5 Raffles Ave, Marina Square, Singapore
熱帯シンガポールの外気から、マンダリン・オリエンタルに一歩足を踏み入れるといつもホッとする。冷房の温度を北極並みにでも設定しているのだろうか、ここは間違いなく市内で一番よく冷えたホテルだ。この点に関する客の評価は賛否両論のようだが、ここは主にビジネス客向けホテルなので、冷房もスーツを着たゲストがちょうどよく感じる温度に調整しているのだろう。
並びにあるリッツ・カールトン・ミレニアよりも宿泊料は若干安い(客室はリッツのほうがスタンダードクラスで30%ほど広く、より豪華)。だが、マンダリン・オリエンタルも5つ星に相応しい高級感を感じさせてくれる。この街ではここに泊まれば安心、という信頼を確立し、リピーターも多いと聞く。
客室の内装はダークな色合いの木材を多用。エレガントなオリエンタル調の家具にカラフルなシルク使いでアクセントをつけたコンテンポラリー・アジアン・ラグジュアリーでまとめている。

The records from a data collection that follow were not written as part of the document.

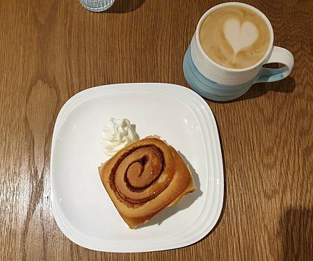 肉桂捲總共有三種口味,我點的是原味的。我覺得皮烤得有點乾乾的,因為真的太久沒有吃肉桂捲,不太清楚是不是肉桂捲就是要外皮烤的乾乾的才好吃。這個肉桂捲沒有太多肉桂的嗆味,不錯,但內部的糖漿稍嫌不足。他還有很多其他口味的肉桂捲,下次再去挑戰。
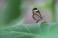 Glasvleugel vlinder (Greta oto) op een blad. Bokeh achtergrond. Vlinder met doorzichtige vleugels op een blad. Tropische vlinder in de zomer.
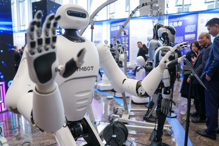 2025年2月14日在2025年蘇州市“人工智能+”創(chuàng)新發(fā)展推進(jìn)大會(huì)暨人工智能賦能新型工業(yè)化深度行(蘇州站)活動(dòng)現(xiàn)場拍攝的人形機(jī)器人。新華社記者 李博 攝
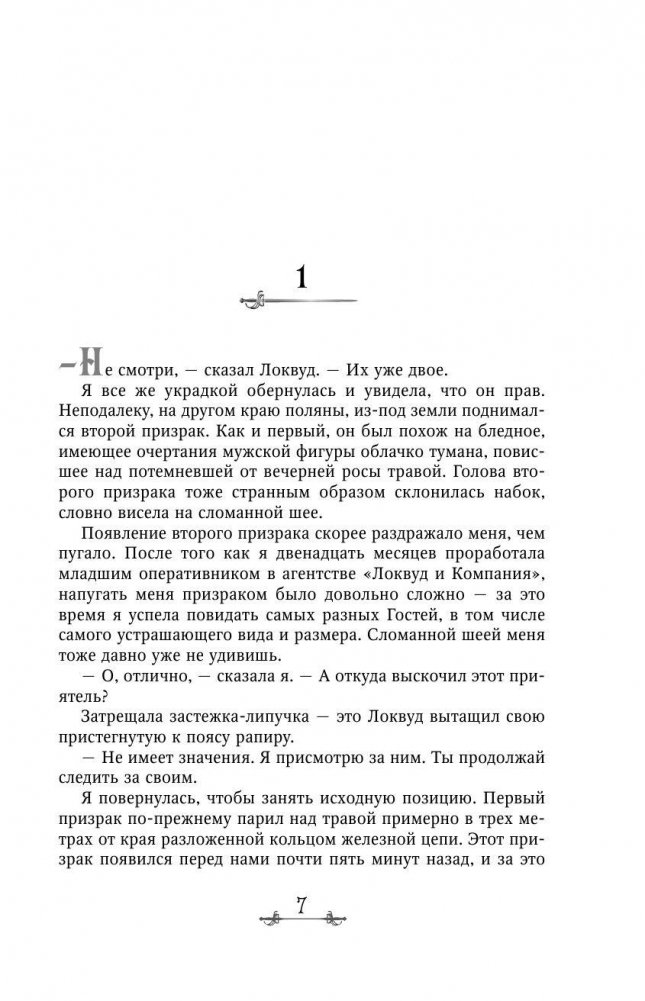 Меня зовут Люси Карлайл и я работаю в агентстве "Локвуд и компания". Нас всего трое: я, Энтони (он же Локвуд) и Джордж. Мы занимаемся тем, что ловим призраков и спасаем от них Лондон. Вообще-то, это только звучит просто, на самом деле все гораздо сложнее. Существует великое множество призраков и их разновидностей, и большинство из них смертельно опасны, и даже наше супероружие: рапиры, железные цепи и банки с греческим огнем - не всегда эффективно. Впрочем, в нашем агентстве трусов нет. Кажется, наши задания раз от раза становятся сложнее. В одной из могил, которую нам пришлось вскрыть, было обнаружено древнее костяное зеркало, обладающее чудовищной силой. Все, кто когда либо в него смотрел, умирали в страшных мучениях. Поговаривают, что его создал свихнувшийся некромант из самых настоящих человеческих костей. Бр-р-р! Лучше даже не думать об этом. Теперь мне, Локвуду и Джорджу предстоит не только разобраться с этой смертельной загадкой, но и устоять перед искушением самим заглянуть в страшное зеркало, которое, кажется, обладает собственной волей. Короче говоря, очередное дело для чокнутых агентов!
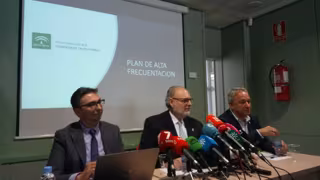 El portavoz del Plan de Alta Frecuentación, José López Miranda, el gerente del SAS, Miguel Ángel Guzmán, y el director general de Asistencia Sanitaria, Diego Vargas, informan sobre la gripe. - EUROPA PRESS
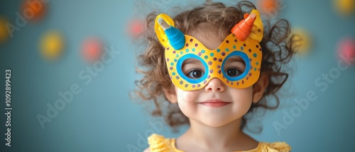 Young child dressed in a bright costume and colorful mask smiles happily, embodying the spirit of Purim celebrations in a fun, playful atmosphere
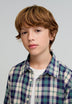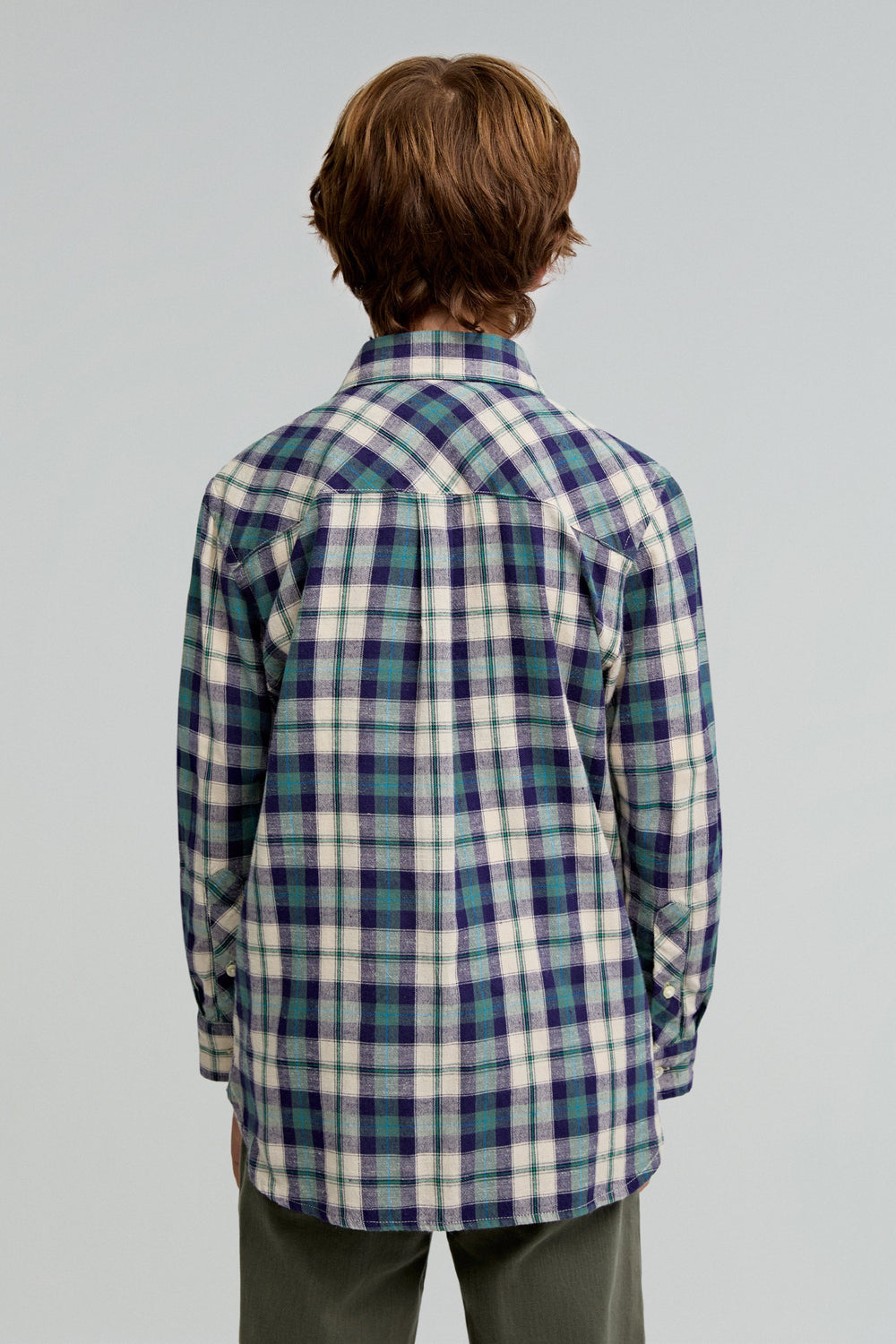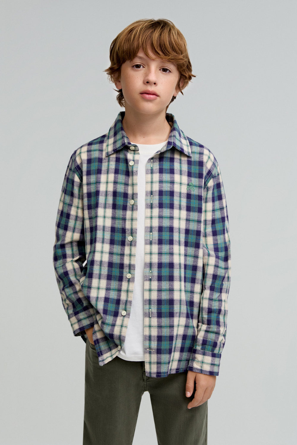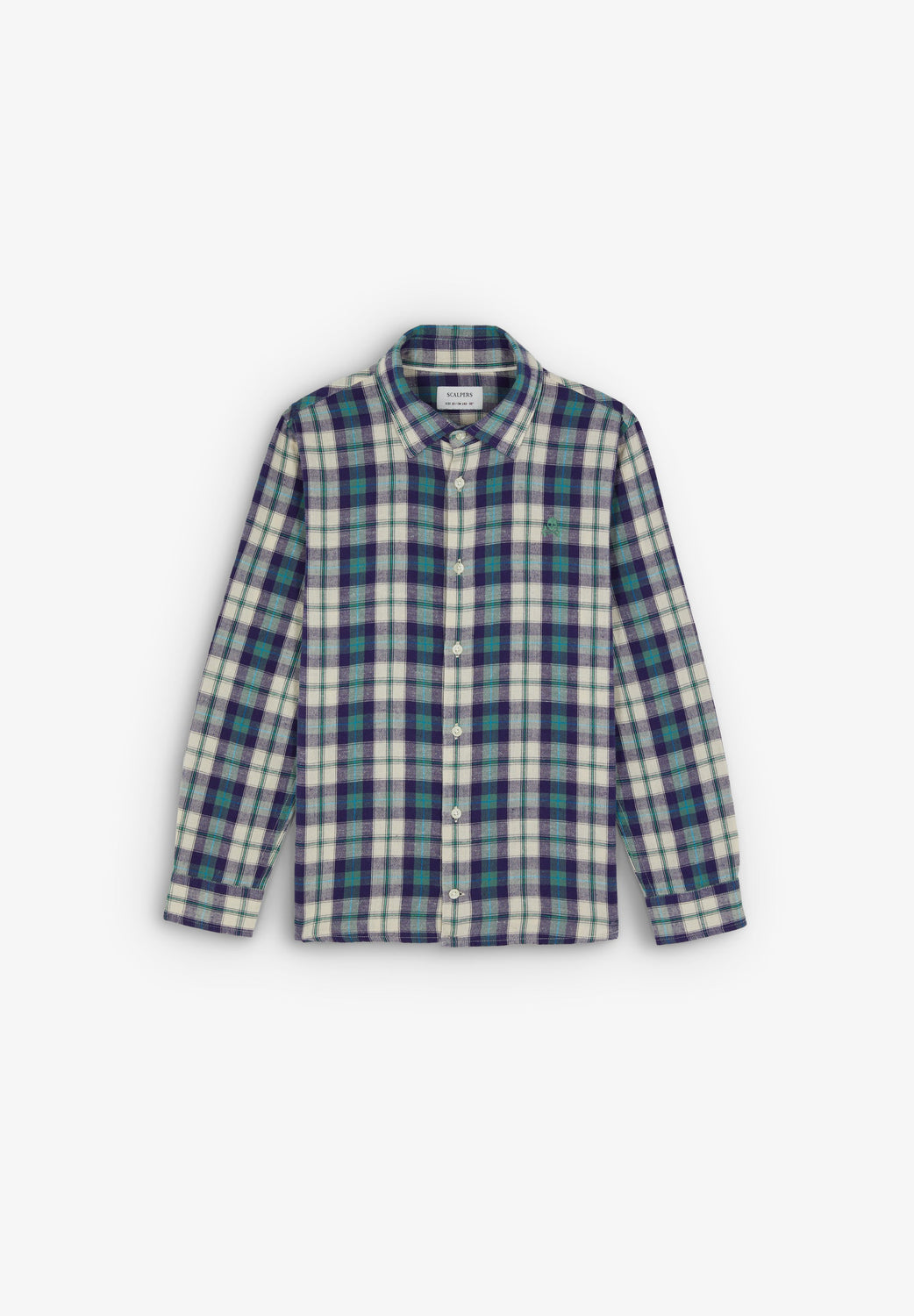 Camisa de cuadros confeccionada en mezcla de algodón BCI y lino. Regular fit, cuello clásico y cierre con botones. Manga larga terminada en puño y calavera bordada con botones.

窓際に置かれた大型デスクはビジネス客には好評かもしれないが、観光客は天井から床まで高さのある窓の前にソファがあった方が嬉しいに違いない。
部屋の向きは、ベンジャミン・シアーズ橋と観覧車シンガポール・フライヤーを近景に東を見晴らす「オーシャン・ビュー」と、もう一方の「ハーバー・ビュー」の2タイプがあるが、少々紛らわしく誤解を招くネーミング。「ハーバー・ビュー」はマリーナ・ベイの素晴らしい眺めを指し、くすんだ色の海面と高層住宅の並ぶ様子を「ハーバー」と呼んでいるらしい。おすすめはハーバー・ビューだ。
このホテルは開業から20年以上が経ち、老朽化が進んでいる。2007年に部分的に手を入れてはいるものの、客室の一部は改装が必要な状態だ。
客室数527ということで、タクシー待ちの長い行列が出来たり、朝食のサービスに時間が掛かったりすることも覚悟しなければいけない。屋上の25メートルプールはこのホテルの最高の売りのひとつだが、ここも繁忙期には混み合うことがある。
ホテルには5つほどのダイニングがあるが、多くの人はホテル内のモートンズ・ステーキハウスで済ませたり、ホテル周辺にあるたくさんのレストランを探しに行ったりするだろう。シンガポールで最も美味しいステーキは、カット・バイ・ウルフギャングだ。肉のカットの仕方を選べるだけでなく、その年のベストカクテルを試すことができる。私たちが最も気に入ったカクテルはロンドン・コーリングだ。